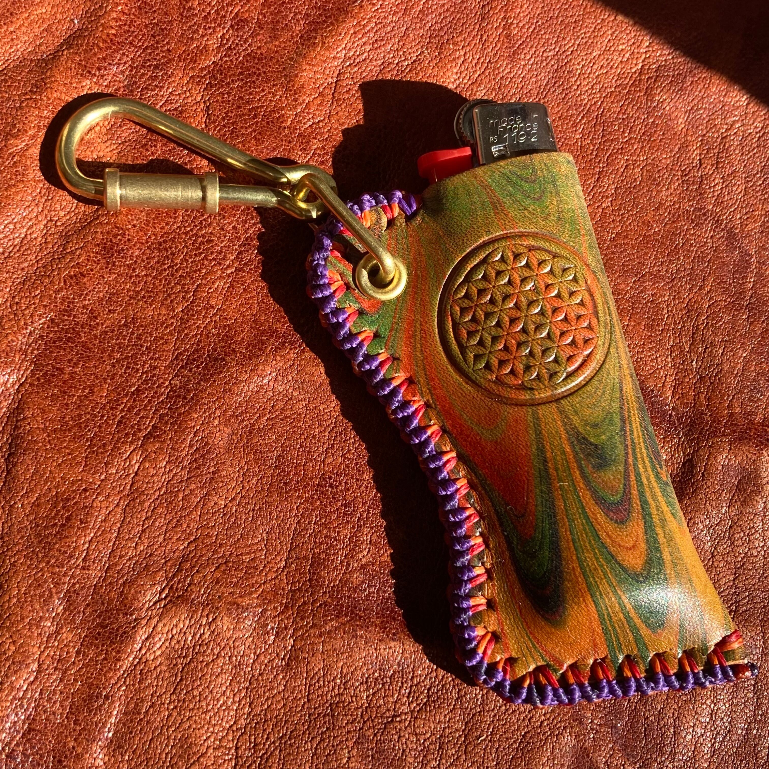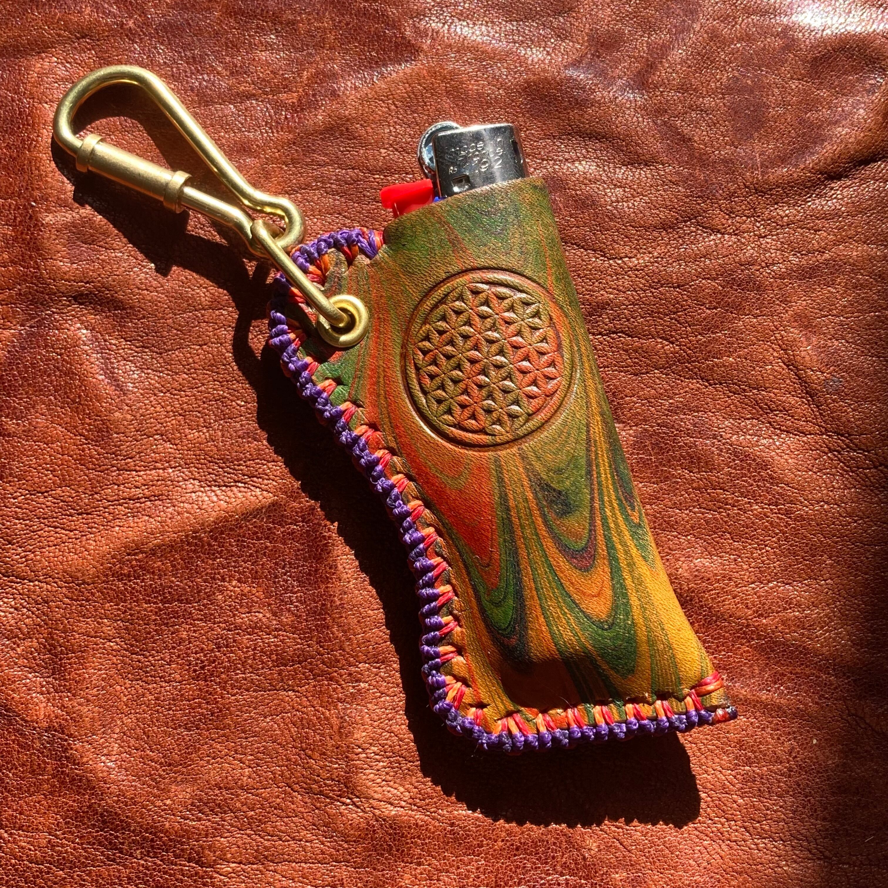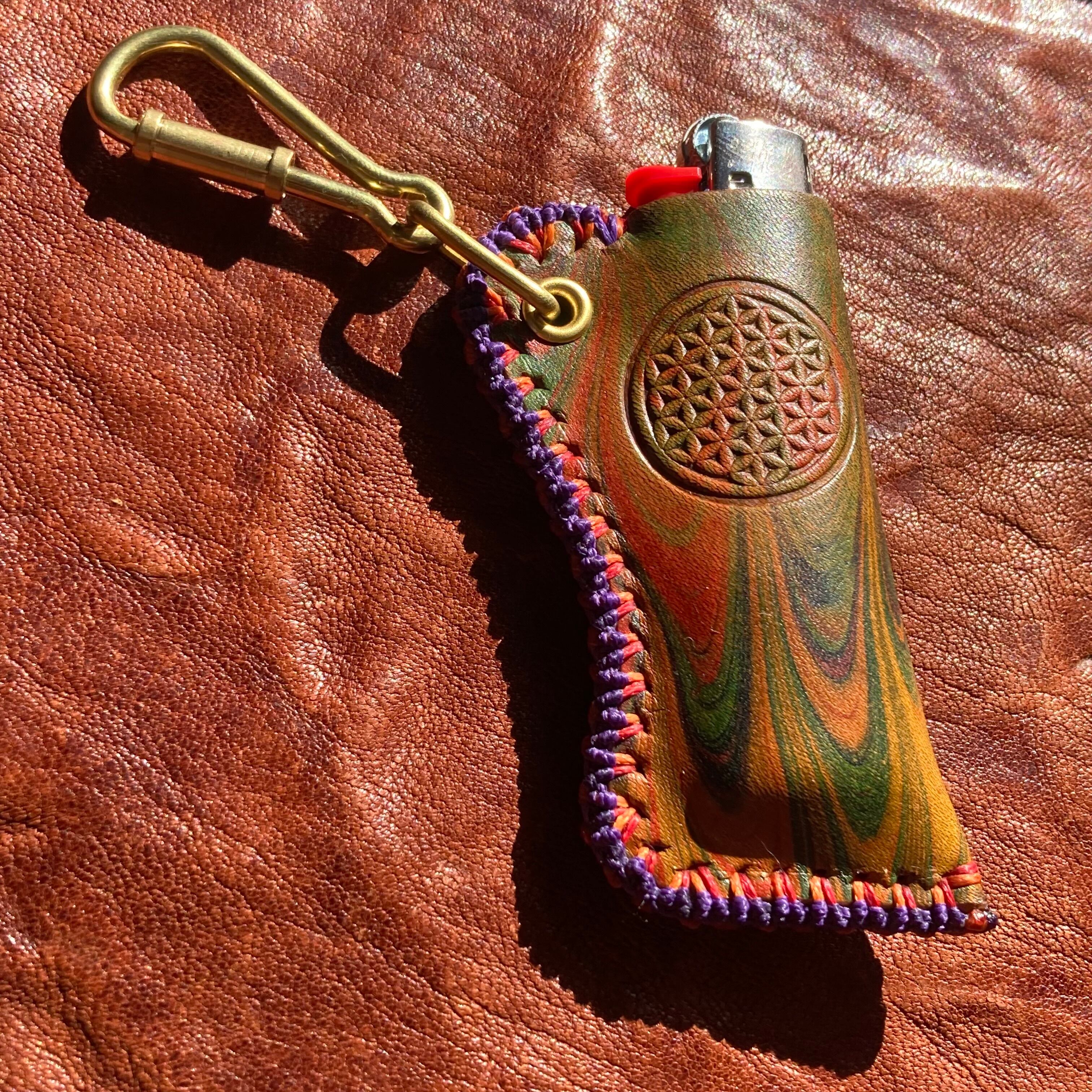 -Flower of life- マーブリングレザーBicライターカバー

· · · · · · ·

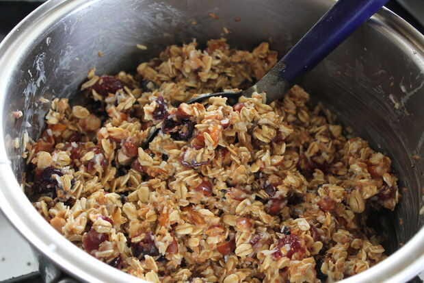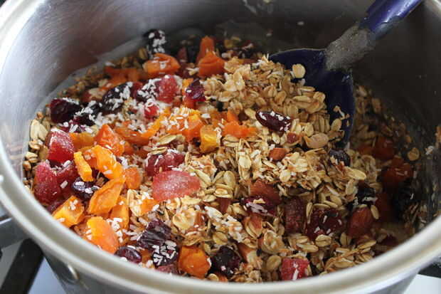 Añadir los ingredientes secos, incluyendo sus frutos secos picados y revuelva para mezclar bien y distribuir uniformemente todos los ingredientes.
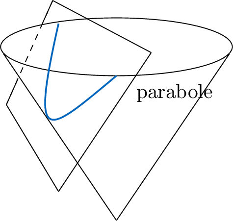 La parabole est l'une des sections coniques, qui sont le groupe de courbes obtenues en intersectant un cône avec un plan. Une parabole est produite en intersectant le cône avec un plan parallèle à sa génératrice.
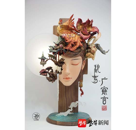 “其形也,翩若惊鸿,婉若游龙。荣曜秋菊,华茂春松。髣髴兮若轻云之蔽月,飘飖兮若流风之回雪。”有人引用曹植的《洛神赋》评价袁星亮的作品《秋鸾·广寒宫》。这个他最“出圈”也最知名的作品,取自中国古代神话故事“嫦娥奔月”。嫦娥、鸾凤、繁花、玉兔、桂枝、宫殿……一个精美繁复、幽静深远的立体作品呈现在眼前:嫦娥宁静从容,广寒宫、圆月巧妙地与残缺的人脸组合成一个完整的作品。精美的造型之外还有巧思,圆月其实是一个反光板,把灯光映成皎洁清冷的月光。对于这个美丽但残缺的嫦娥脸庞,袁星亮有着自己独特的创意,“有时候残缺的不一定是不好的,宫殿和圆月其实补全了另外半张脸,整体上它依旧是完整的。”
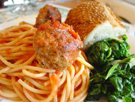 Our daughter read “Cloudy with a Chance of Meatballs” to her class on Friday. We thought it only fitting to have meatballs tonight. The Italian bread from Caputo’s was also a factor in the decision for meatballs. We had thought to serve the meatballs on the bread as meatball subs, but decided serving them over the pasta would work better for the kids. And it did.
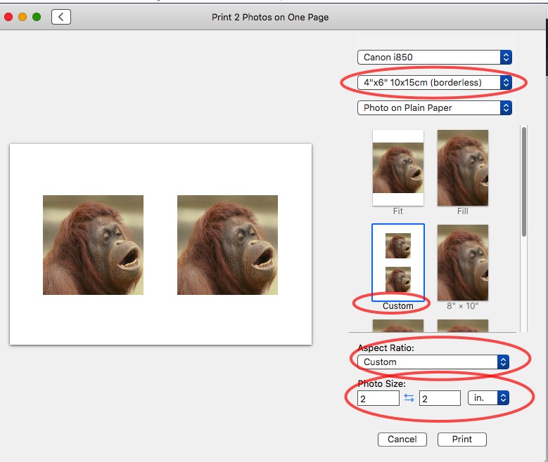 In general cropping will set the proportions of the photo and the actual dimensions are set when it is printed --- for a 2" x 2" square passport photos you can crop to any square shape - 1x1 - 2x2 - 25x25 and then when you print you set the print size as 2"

· · · · · · ·

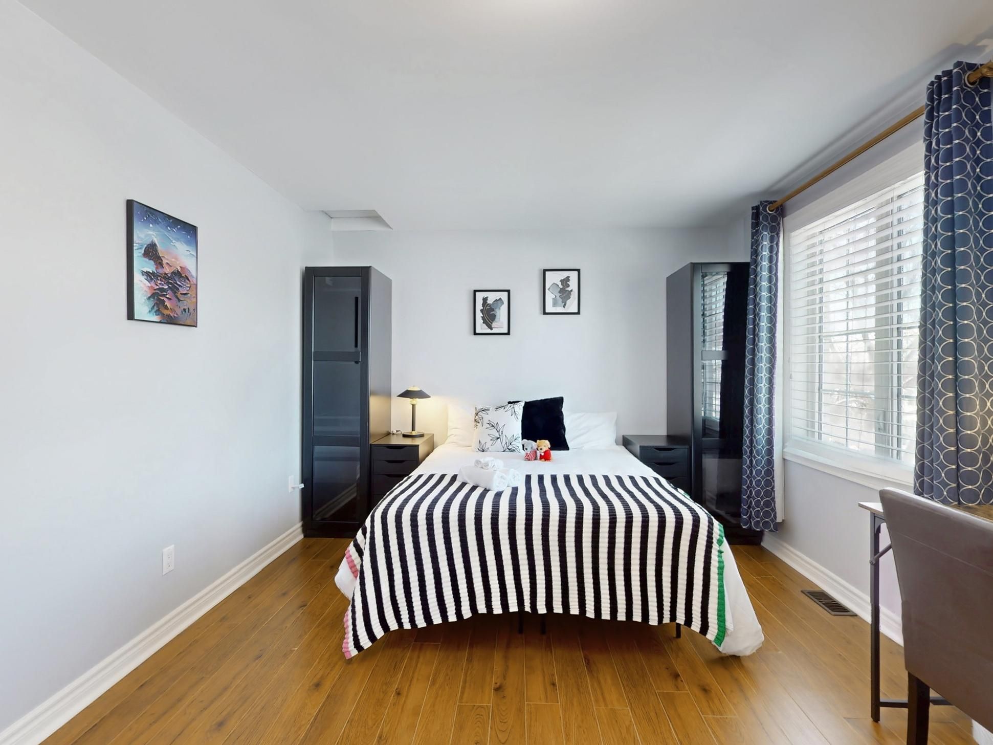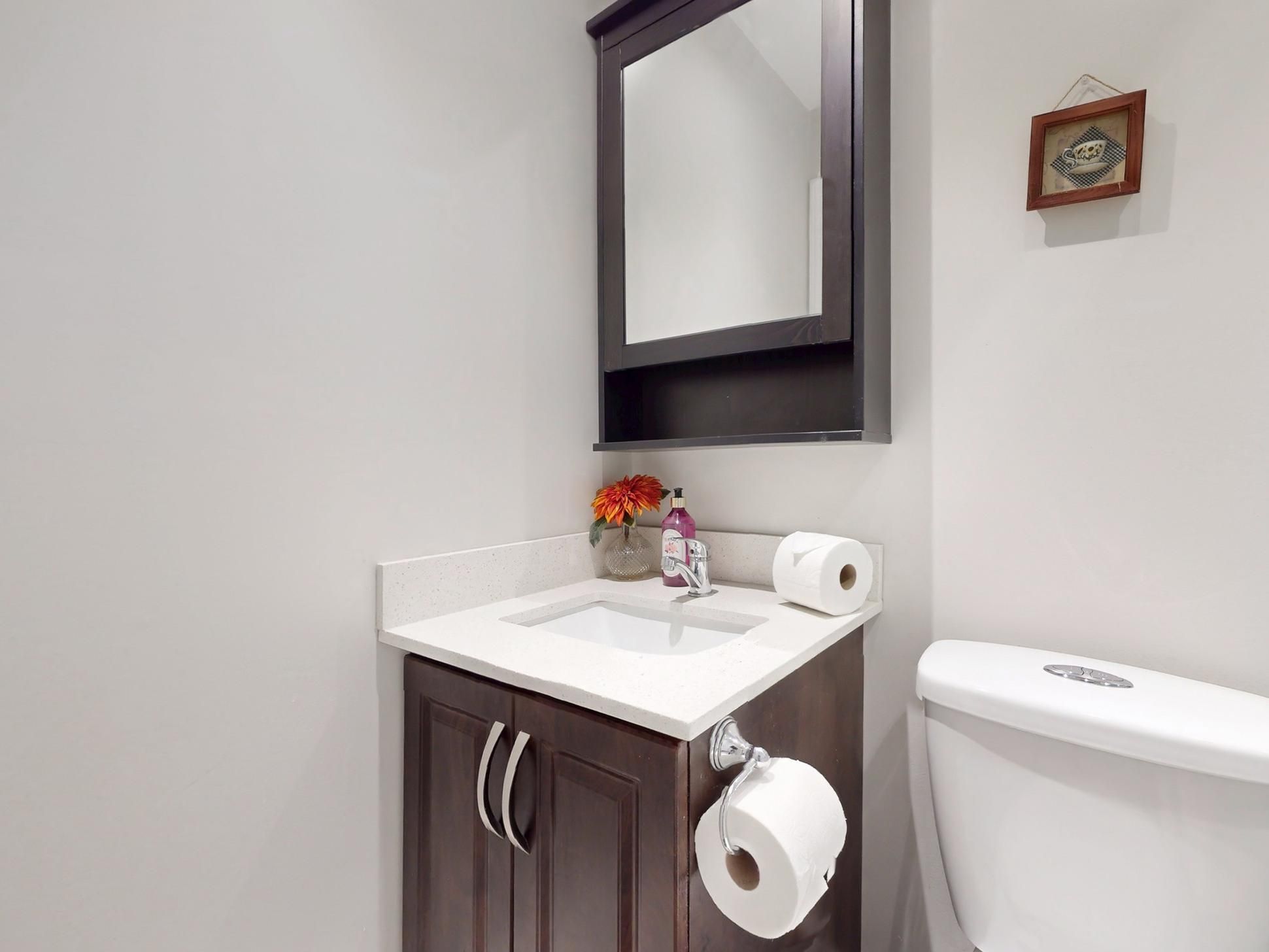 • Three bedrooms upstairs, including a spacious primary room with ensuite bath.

· · · · · · ·

With pictures excluded, reproduce exactly the lines above from the one containing "Añadir los ingredientes" down to the one containing "In general cropping", those two included.

 Añadir los ingredientes secos, incluyendo sus frutos secos picados y revuelva para mezclar bien y distribuir uniformemente todos los ingredientes.
 La parabole est l'une des sections coniques, qui sont le groupe de courbes obtenues en intersectant un cône avec un plan. Une parabole est produite en intersectant le cône avec un plan parallèle à sa génératrice.
 “其形也,翩若惊鸿,婉若游龙。荣曜秋菊,华茂春松。髣髴兮若轻云之蔽月,飘飖兮若流风之回雪。”有人引用曹植的《洛神赋》评价袁星亮的作品《秋鸾·广寒宫》。这个他最“出圈”也最知名的作品,取自中国古代神话故事“嫦娥奔月”。嫦娥、鸾凤、繁花、玉兔、桂枝、宫殿……一个精美繁复、幽静深远的立体作品呈现在眼前:嫦娥宁静从容,广寒宫、圆月巧妙地与残缺的人脸组合成一个完整的作品。精美的造型之外还有巧思,圆月其实是一个反光板,把灯光映成皎洁清冷的月光。对于这个美丽但残缺的嫦娥脸庞,袁星亮有着自己独特的创意,“有时候残缺的不一定是不好的,宫殿和圆月其实补全了另外半张脸,整体上它依旧是完整的。”
 Our daughter read “Cloudy with a Chance of Meatballs” to her class on Friday. We thought it only fitting to have meatballs tonight. The Italian bread from Caputo’s was also a factor in the decision for meatballs. We had thought to serve the meatballs on the bread as meatball subs, but decided serving them over the pasta would work better for the kids. And it did.
 In general cropping will set the proportions of the photo and the actual dimensions are set when it is printed --- for a 2" x 2" square passport photos you can crop to any square shape - 1x1 - 2x2 - 25x25 and then when you print you set the print size as 2"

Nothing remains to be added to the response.